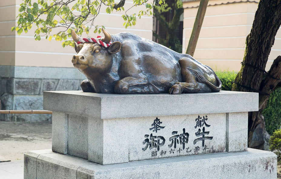 如今,神社周圍有11尊公牛雕像。最大的一尊由青銅鑄成,就位於通往神社庭園的入口標志——鳥居的前方。一些遊客會通過拍牛的頭部祈求變得更聰明,這也是牛頭部特別亮的原因。
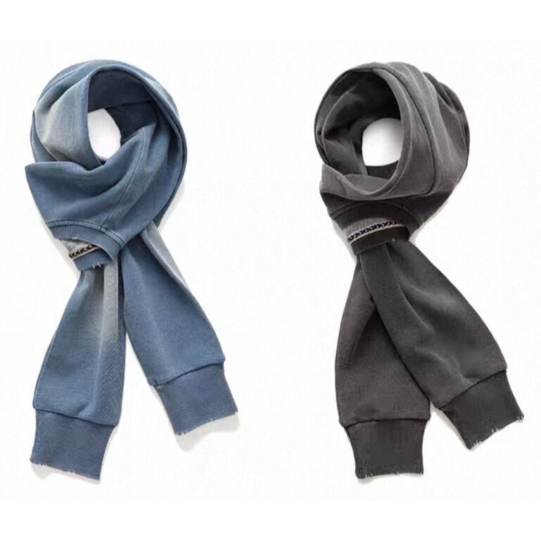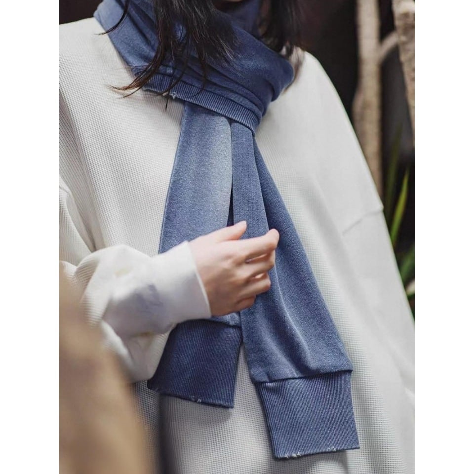 肩に掛けても、首元に巻いても美しく決まる、汎用性の高いロングニットマフラー。
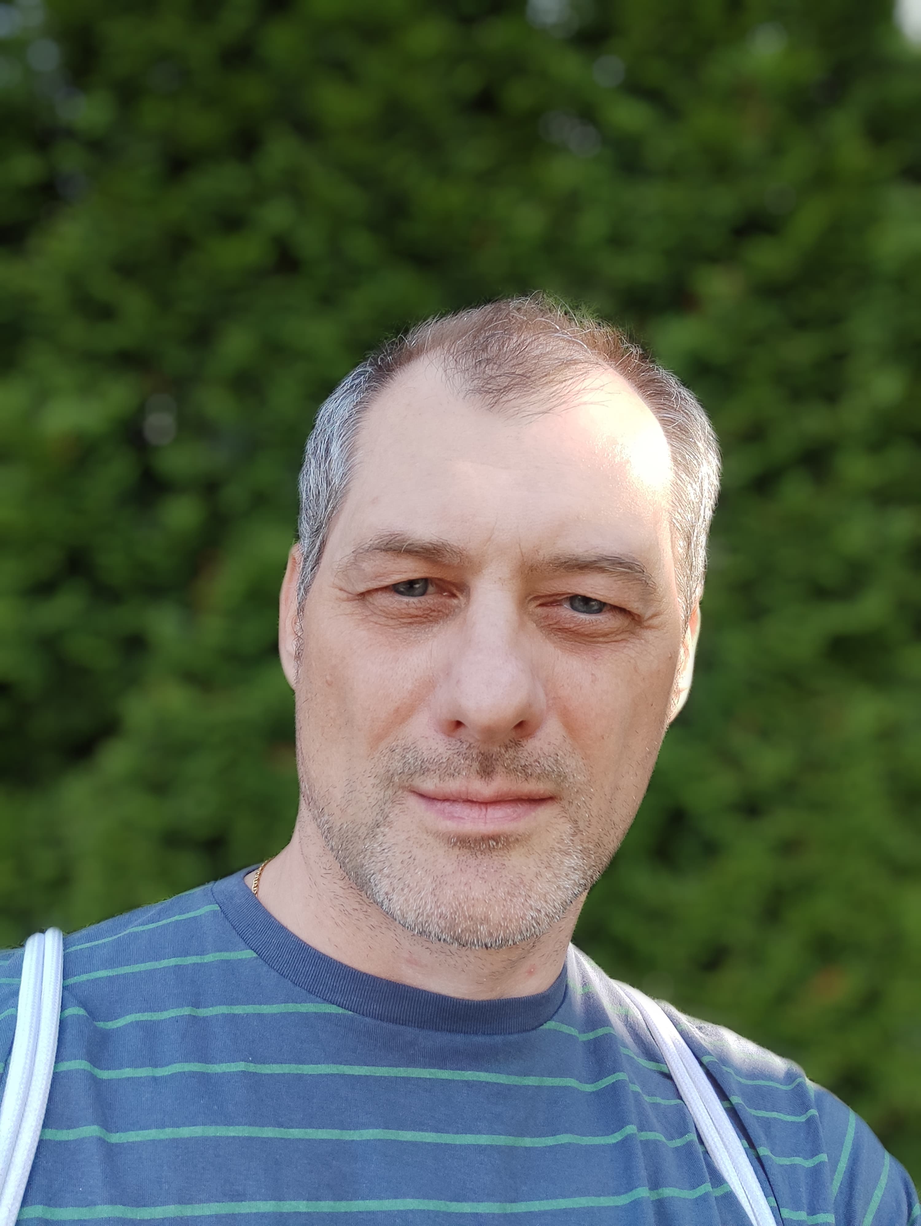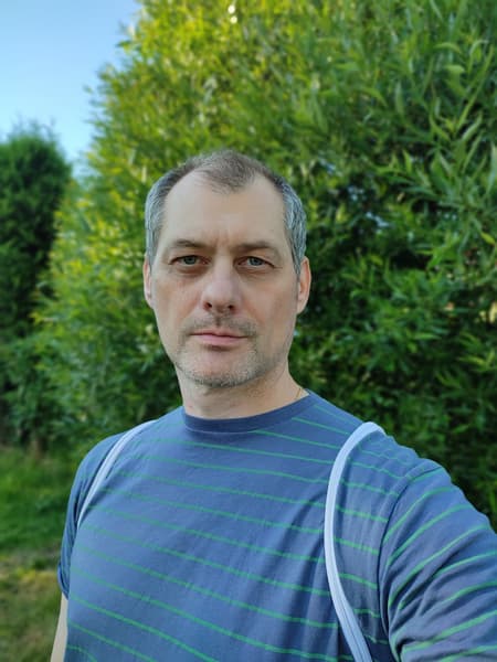 В портретном режиме можно регулировать «виртуальную диафрагму», а по сути — уровень размытия фона, который выполняется, в том числе, с помощью вспомогательного 2-мегапиксельного датчика. ЭФР основной камеры — 26 мм, и тут как ни старайся вытягивать руку, пропорции лица все равно исказятся, этот режим подходит лишь для поясных «портретов». И здесь есть два момента. Во-первых, «открывать» ползунком диафрагму на полную явно не стоит — контуры головы размываются, становятся нечеткими. И во-вторых, ИИ перебарщивает с резкостью и подчеркивает любые морщины и изъяны кожи. В общем, работает топорно.
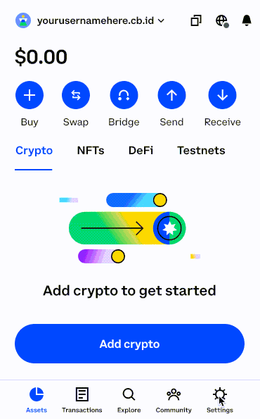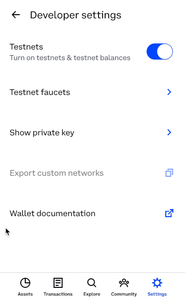 Testnets are enabled by default for the Coinbase Wallet browser extension. When enabled, Testnet assets display separately from Mainnet assets in a dedicated Testnets tab.
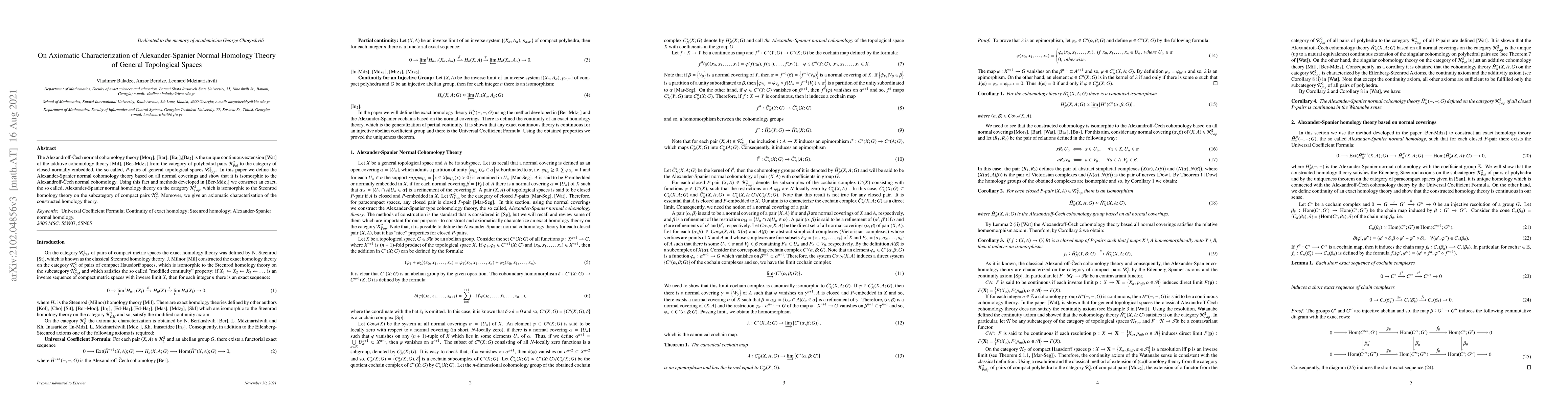 The Alexandroff-\v{C}ech normal cohomology theory [Mor$_1$], [Bar], [Ba$_1$],[Ba$_2$] is the unique continuous extension \cite{Wat} of the additive cohomology theory [Mil], [Ber-Mdz$_1$] from the category of polyhedral pairs $\mathcal{K}^2_{Pol}$ to the category of closed normally embedded, the so called, $P$-pairs of general topological spaces $\mathcal{K}^2_{Top}$. In this paper we define the Alexander-Spanier normal cohomology theory based on all normal coverings and show that it is isomorphic to the Alexandroff-\v{C}ech normal cohomology. Using this fact and methods developed in [Ber-Mdz$_3$] we construct an exact, the so called, Alexander-Spanier normal homology theory on the category $\mathcal{K}^2_{Top},$ which is isomorphic to the Steenrod homology theory on the subcategory of compact pairs $\mathcal{K}^2_{C}.$ Moreover, we give an axiomatic characterization of the constructed homology theory.
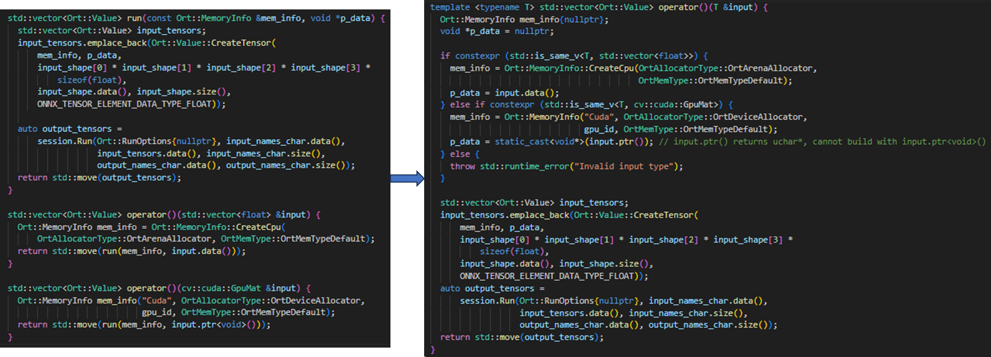 3개의 함수를 1개의 함수로 줄여버렸다. cv::cuda::GpuMat의 ptr 반환형을 void로 지정하니 constexpr 키워드와 함께 해당 블럭의 컴파일이 안되더라... 원래 그런건가? 컴파일할때 뭔가 불명확해져서 컴파일이 안되나...?? template 함수를 사용하면 안되는건가...!
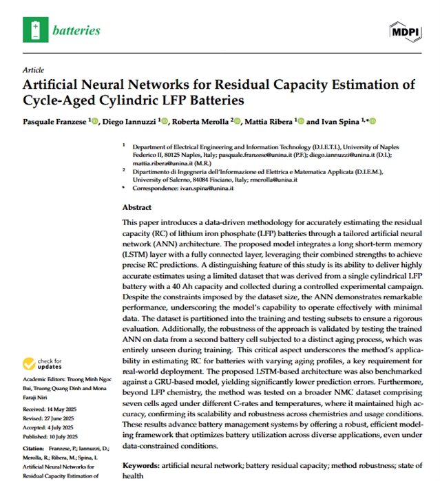 本文提出一种基于数据驱动的方法,通过定制化的人工神经网络架构实现磷酸铁锂电池剩余容量的精确估算。
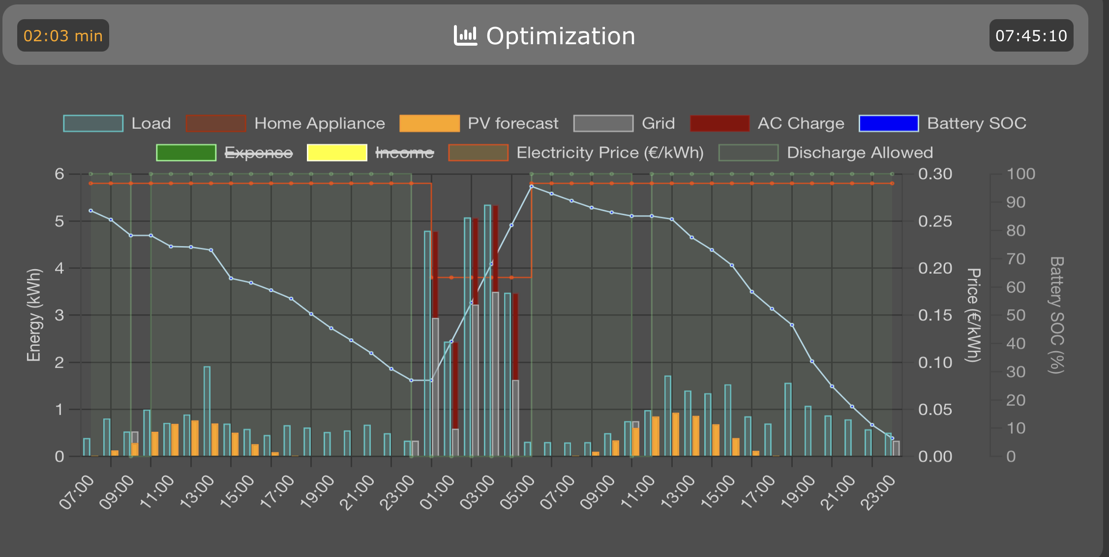 Folgendes Problem: Ich habe einen Stromtarif wo zwischen 0:00 Uhr und 05:00 Uhr der Strom nur 18 Cent kostet. Ich möchte die EOS Optimierung so einstellen, dass dies berücksichtigt wird und, falls nötig, nur zwischen 0 und 5 Uhr der Speicher geladen wird.

★ ★ ★

- **ASSIGNMENT**:
Exact repeat, pictures omitted: give every line from the top of the records down to and including the line with "肩に掛けても、首元に巻いても美しく決まる、汎用性の高いロングニットマフラー。".

- **ANSWER SPACE**:
 如今,神社周圍有11尊公牛雕像。最大的一尊由青銅鑄成,就位於通往神社庭園的入口標志——鳥居的前方。一些遊客會通過拍牛的頭部祈求變得更聰明,這也是牛頭部特別亮的原因。
 肩に掛けても、首元に巻いても美しく決まる、汎用性の高いロングニットマフラー。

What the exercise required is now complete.